Almost forgot. For those of you a bit out of touch with Celtics matters these days (understandable, given our preoccupation with the local, ahem, championship teams), the five young men and the oldest is 26 are Marcus Banks, Delonte West, Dan Dickau, Will Bynum, and Orien Greene. None is in line to dislodge the Cooz as point guard on the all-time Celtics team.
Of course, we wouldn't be having this conversation if Banks had turned out to be what Ainge hoped he'd be when he selected him 13th overall in the 2003 NBA Draft.
"I won't say I'm disappointed with Marcus," Ainge maintains. "Marcus has proven to be an NBA player. But I'd have to say his strength is in the open floor and exerting full-court defensive pressure. He has struggled in the half-court."
We've noticed. And so have his coaches.
Three years in, the rocket ship from UNLV is essentially the same player he was when he arrived. There isn't much to add to Ainge's assessment, other than to say that Banks can make an occasional 3-pointer.
Next up is West. The southpaw from Saint Joe's may, in fact, be the Celtics' secret weapon. Forget his numbers. Forget the fact that injuries messed up his rookie progress. Delonte West will never, ever, ever, ever be about the numbers.
"They all say they want to win, but Delonte is one of the rare young players I have ever come across who actually plays to win," Ainge says. "He does not care about stats. He moves the ball. He blocks out. He goes after loose balls. He truly does all the little things."
He can also make shots, which is a pretty nice bonus.
But from the first minute he stepped onto the floor in an NBA game, he possessed that certain je ne sais quoi that stamps someone as an honest-to-goodness ballplayer, rather than just a good athlete.
"There must have been five or six times last year when Doc came in after a game and said, 'You know, Delonte may be our smartest player,' " Ainge explains.

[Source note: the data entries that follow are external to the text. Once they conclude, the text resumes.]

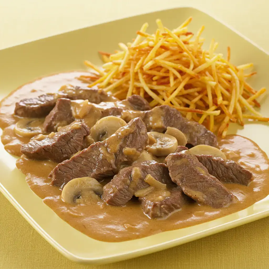 Um estrogonofe cremoso e saboroso, com carne macia e um toque especial de vinho branco. Perfeito para um jantar em família ou uma ocasião especial, acompanhado de arroz branco e batata palha.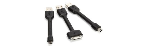 Griffin has re-invented three of our most requested connectors as easy-to-pack no-tangle mini-cables. Three universally useful USB cable adapters for your computer in one handy kit: USB to mini-USB (used in cameras MP3 players and many portable USB devices) USB to micro-USB (used in smartphones and compact USB players) and USB to Apple's 30-pin Universal Dock connector (used in iPod iPhone and iPad). Compact and pocketable this kit is great for laptops mini-notebooks and more. Tuck handily into your backpack handbag or carry-on.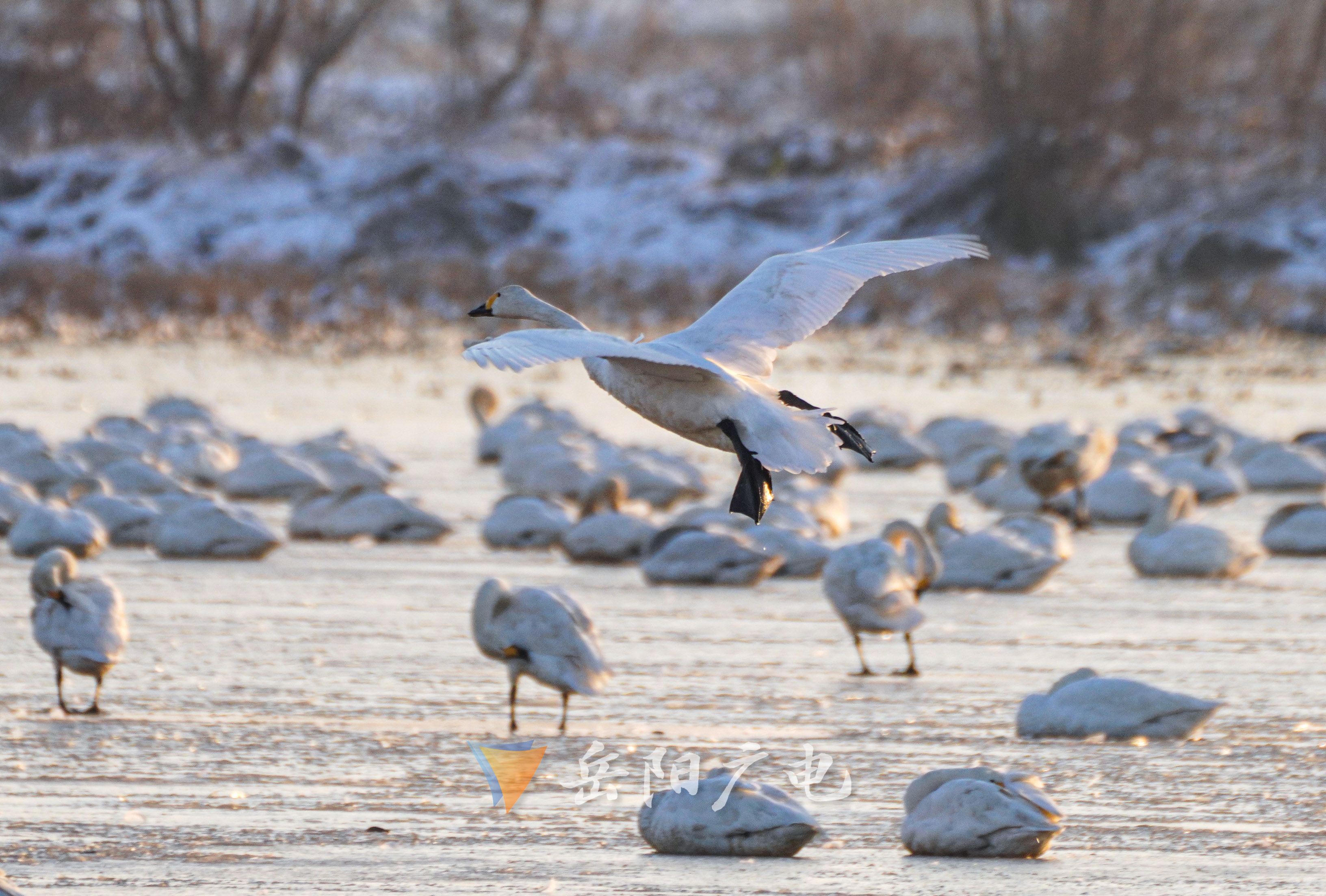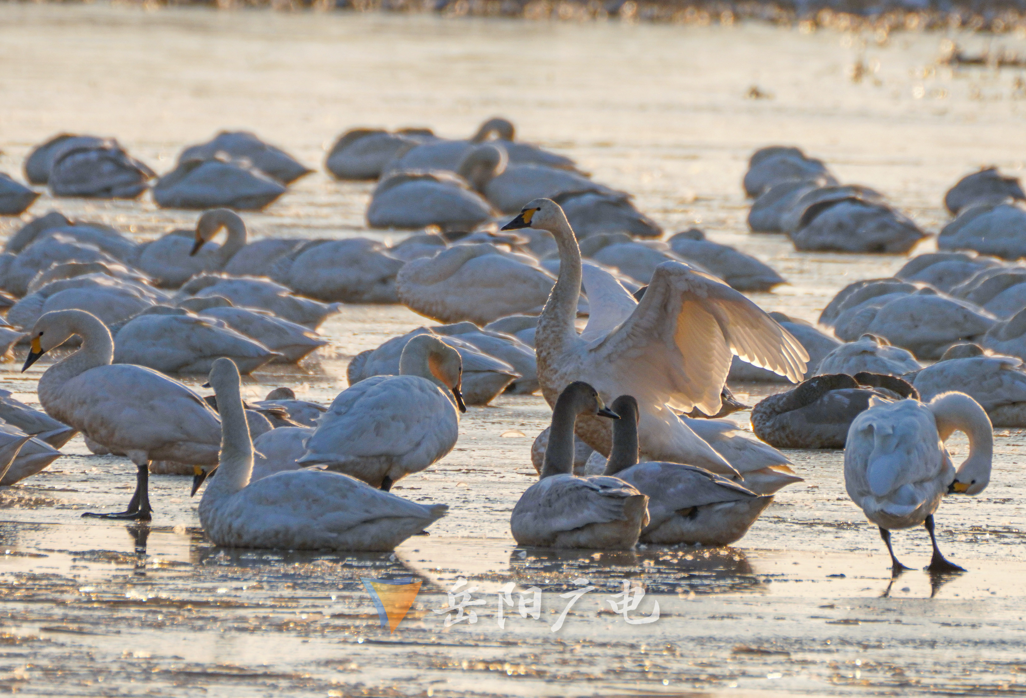 下雪了,小天鹅们在干什么呢?从昨天晚上开始,约2000多只小天鹅陆续栖息在东古湖,零下5-6度的低温,使东古湖水面结上厚厚的一层冰,当太阳开始升起的时候,一层金色的暖阳洒在湖面。小天鹅们大多数如没有睡醒一样,都将长长的脖颈插入翅膀深处,静静地享受时光带来的悠闲。慢慢地随着阳光的抬升,小天鹅便开始嬉闹活跃起来,有的一如晨起,认真梳理着毛发,有的慢悠悠地在破冰中游弋,有的伸长脖子宣示着自己的地盘,偶尔也来一场争斗,还有顽皮的小天鹅走在冰面,一不留神滑到,远处飞来的小天鹅降落时还会滑落重心不稳。整个东古湖尽管保持着往日的喧嚣,但由于南方的冰冻,这里还在上演着各种滑稽版本的故事。看来,困难再大,难不倒小天鹅对东古湖的热爱。(通讯员:宋政军)

Open Door No. 3 and say hello to Dickau.
Forgive him if he occasionally has a hard time remembering exactly where he is, because he's been a regular Arthur Frommer as he's attempted to establish himself as an NBA player. This will be team No. 6 in a career that began with him being taken by Sacramento with the 28th pick of the '02 draft. Well, not really. He was immediately shipped to Atlanta in one of those annual you-scratch-my-back-I'll-scratch-yours, draft-day specials. After that it was Portland and Dallas, until he reached New Orleans last season and opened a few eyes with a solid performance (13.2 points and 5.2 assists per game in 67 games as a Hornet). Now he has landed with the Celtics after a sign-and-trade deal.
And he might be a steal. "He has really improved his ballhandling skills and he can shoot the ball," analyzes Ainge. "He just has a knack for offensive basketball. If you run a pick-and-roll with him, he must be honored."
That's the core trio. But just to spice the plot, Ainge has also imported a pair of intriguing young players. He drafted Greene in the second round and he signed former Arizona and Georgia Tech standout Bynum.
"Orien Greene caught my eye when he played an NCAA Tournament game for Louisiana-Lafayette against North Carolina State a year ago," Ainge says. "He was a [6-foot-5-inch] point guard who made steals, blocked shots, and was all over the floor. He has interesting overall basketball skills. He's just a different look for us."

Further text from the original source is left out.